• Assignment
Leaving the pictures aside, repeat each line below exactly.

• Information supplied
--

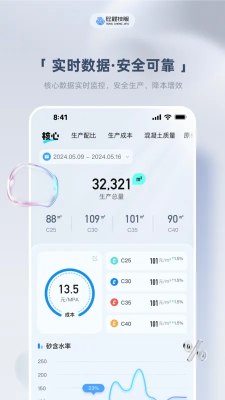 应用程序支持对近期生产数据进行深入分析,识别各个强度混凝土的成本降低情况、生产总量,以及砂石含水率的变化趋势。这些分析结果为企业的生产优化和资源配置提供了科学依据。
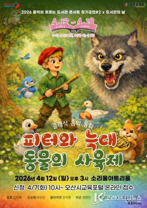 코리아타임뉴스 기동취재팀 | 오산시 소리울도서관은 오는 4월 12일 오후 3시 소리울아트리움에서 ‘2026 도서관의 날’을 기념해 온 가족이 클래식의 매력을 즐길 수 있는 '음악이 흐르는 도서관 콘서트'를 개최한다.
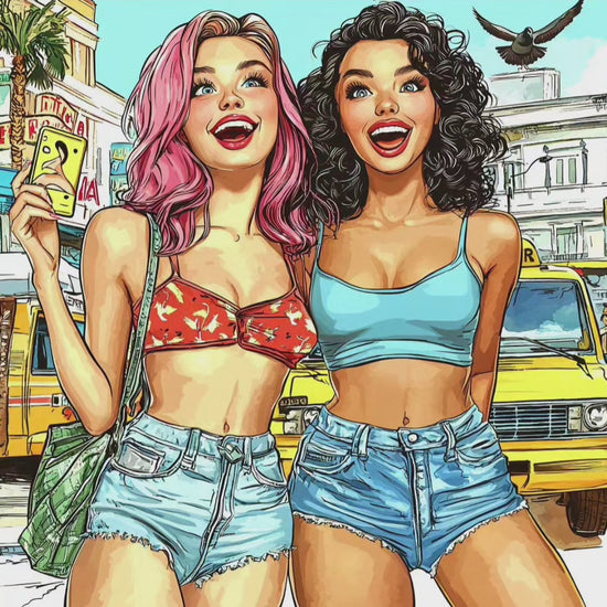 Bring bold city vibes into your world with the City Stroll & Selfies Diamond Painting Kit. Featuring two stylish friends posing for the perfect shot under the sunshine, this artwork captures carefree energy, vibrant colors, and the joy of friendship. A must-have for anyone who loves fun, fashion, and a touch of glam.
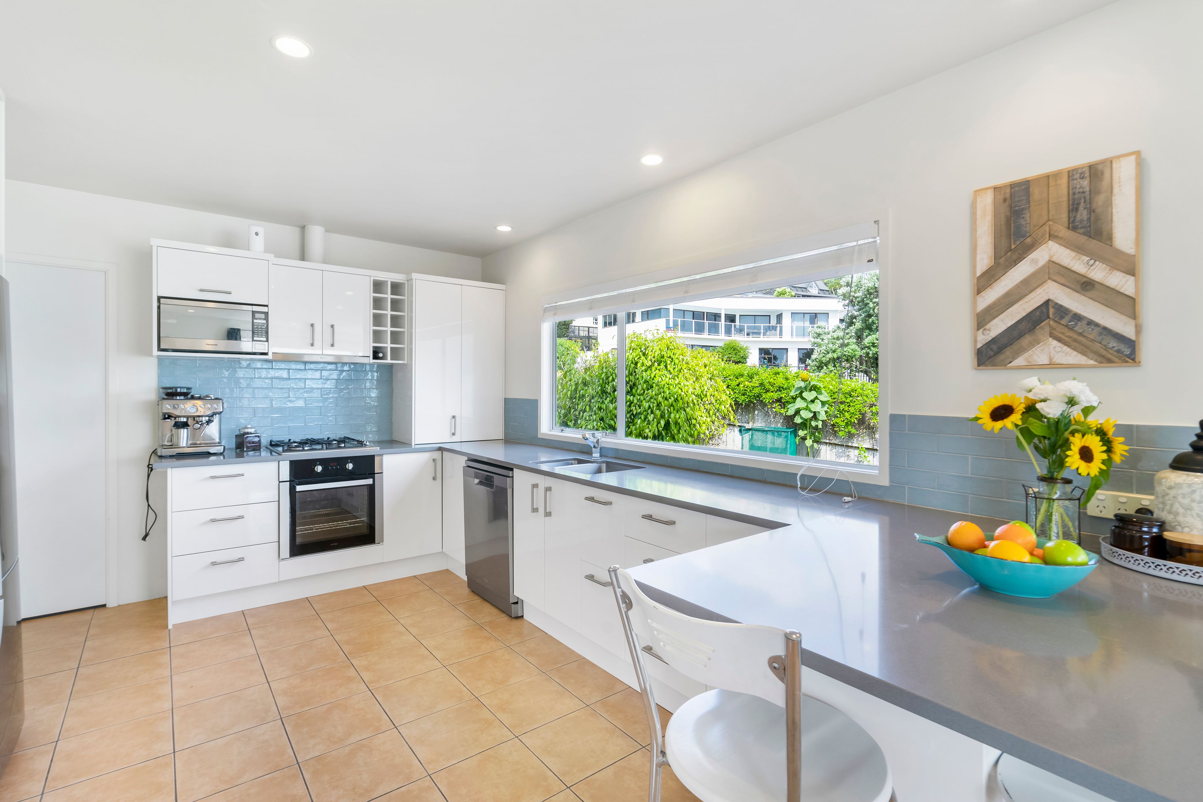 - Stone top benches in the kitchen

--

• Written answer
 应用程序支持对近期生产数据进行深入分析,识别各个强度混凝土的成本降低情况、生产总量,以及砂石含水率的变化趋势。这些分析结果为企业的生产优化和资源配置提供了科学依据。
 코리아타임뉴스 기동취재팀 | 오산시 소리울도서관은 오는 4월 12일 오후 3시 소리울아트리움에서 ‘2026 도서관의 날’을 기념해 온 가족이 클래식의 매력을 즐길 수 있는 '음악이 흐르는 도서관 콘서트'를 개최한다.
 Bring bold city vibes into your world with the City Stroll & Selfies Diamond Painting Kit. Featuring two stylish friends posing for the perfect shot under the sunshine, this artwork captures carefree energy, vibrant colors, and the joy of friendship. A must-have for anyone who loves fun, fashion, and a touch of glam.
 - Stone top benches in the kitchen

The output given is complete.